TransWikia.com

How to handle categorical features in K-means?

Data Science Asked by Sathya on January 11, 2021

I am working on clustering algorithms. I am working with titanic dataset. It contains 6 categorical features. I used k-means algorithm on this dataset. I am using label encoding for categorical features. But I found that categorical features should use euclidean distance. It should use Hamming distance. So, how to make k-means work finely on mixed features? I don’t need other algorithm. I just want to work with k-means only on mixed features dataset.

3 Answers

You can quantify correlation, or more precisely association, between categorical variables using something like cross-entropy. There’s an available library dython to compute such association values. Also I am curious why do you want to do clustering ? What is your expected output?

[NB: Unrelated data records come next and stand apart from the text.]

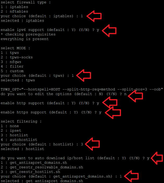 Ищете легкие способы? Вам сюда. OpenWRT Я ставлю все на локальный диск от root. Гайд может не работать на Вашей версии OpenWRT или на устройстве в целом. Настоятельно рекомендую сделать бэкап конфига. Предполагается, что Вы знаете, что делаете!! Нужно: Собственно, само устройство с OpenWRT. Подключение к инету. PuTTY или любой другой SSH-клиент на Вашем устройстве. Пароль root. Что делаем: Подключаемся по SSH и обновляем пакеты: opkg upgrade затем opkg list-upgradable | cut -f 1 -d ' ' | xargs -r opkg upgrade Устанавливаем Entware: wget -O - http://entware-3x.zyxmon.org/binaries/armv7/installer/install_std.sh | sh Добавляем переменные окружения: echo ". /etc/profile" >> /root/.profile && export PATH=$PATH:/opt/bin && export PATH=$PATH:/opt/sbin Добавляем псевдонимы для opkg, так как сейчас их в системе два. Первый - в /bin/opkg, второй - в /opt/bin/opkg, псевдоним первого - opkg, второго – opkg echo "alias opkg=\"/bin/opkg\"" >> /root/.profile && echo "alias opkg2=\"/opt/bin/opkg\"" >> /root/.profile Затем перезагружаемся reboot После перезагрузки OpenWRT нужно прописать opkg update, иначе будет ошибка. Устанавливаем необходимые пакеты: opkg install bind-dig cron dnsmasq-full ipset iptables shadowsocks-libev-ss-redir shadowsocks-libev-config git git-http nmap ncat ca-bundle Заходим в домашнюю папку и клонируем репозиторий: cd ~ && git clone https://github.com/bol-van/zapret.git Переходим в папку и запускаем установку: cd zapret && ash install_bin.sh && ash install_easy.sh Соглашаемся на копирование, вводим 1, y, y, y, потом 1, n, y, y, 3, y, 1. Если Вам не выдало никаких ошибок - OpenWRT настроен на обход ограничений! UPD от 30.08.2024: как добавить домены для обхода? Открываем файл: vi /opt/zapret/ipset/zapret-hosts-user.txt Если у Вас нет такого файла, значит, hostlist не включен, и нужно переконфигурировать zapret: ash /opt/zapret/install_easy.sh Если Вы не меняли стандартную настройку, вводите так же, как на скрине. Если меняли, повторите ее, включив hostlist. Стираем nonexistent.domain и вводим нужный. Каждый домен вводится с новой строки. Не забудьте про пустую строку в конце файла, не убирайте ее! Перезагрузите систему, и готово!
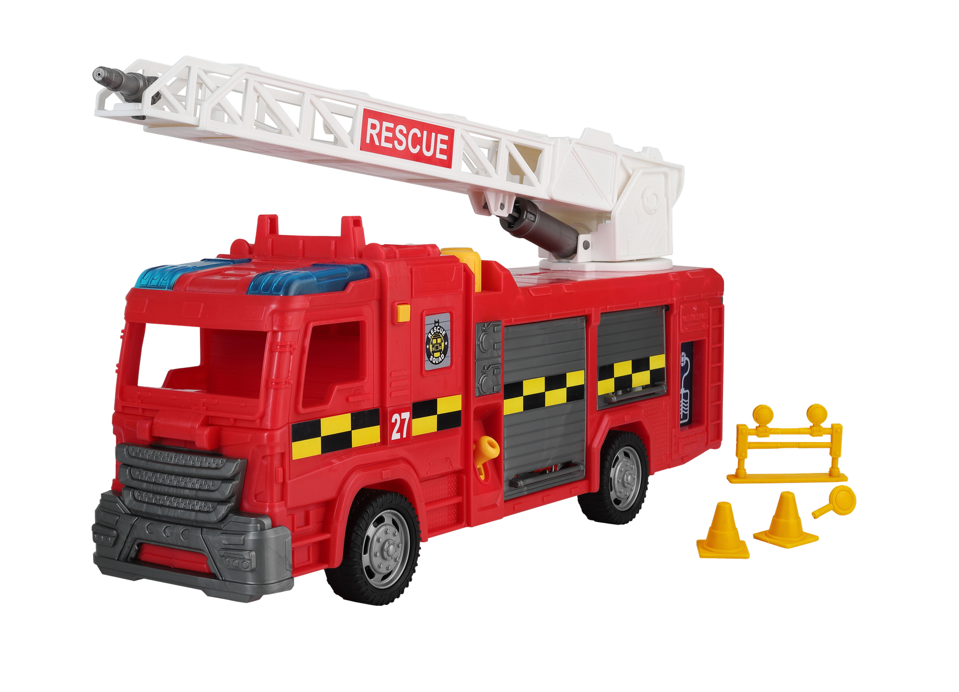 There are also safety cones and roadblock signs that can be stored on top of the truck or in the side compartment. With this fire engine, you're ready for any emergency!
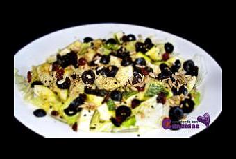 - Las aceitunas las escurrimos y las cortamos a rodajas. Las tiramos encima de las otras verduras.

Answered by Victor Luu on January 11, 2021

Label encoding is not a good idea if the nature of categories are not ordinal (it is actually not my favorite anyways). Use one-hot encoding and see how it works. You may apply a feature extraction on top of it, e.g. PCA, to reduce the noise coming from sparsity. The other idea is to label categories by their fraction in the feature, for example:

[a,b,b,c,a,a] --> [3/6, 2/6, 2/6, 1/6, 3/6, 3/6]

Answered by Kasra Manshaei on January 11, 2021

The best way to encode the data will be through any encoding mechanism like label encoder etc. But before handling the categorical variable check the correlation of a categorical variable with the target variable using the feature selection methods like chi square test with selectKbest.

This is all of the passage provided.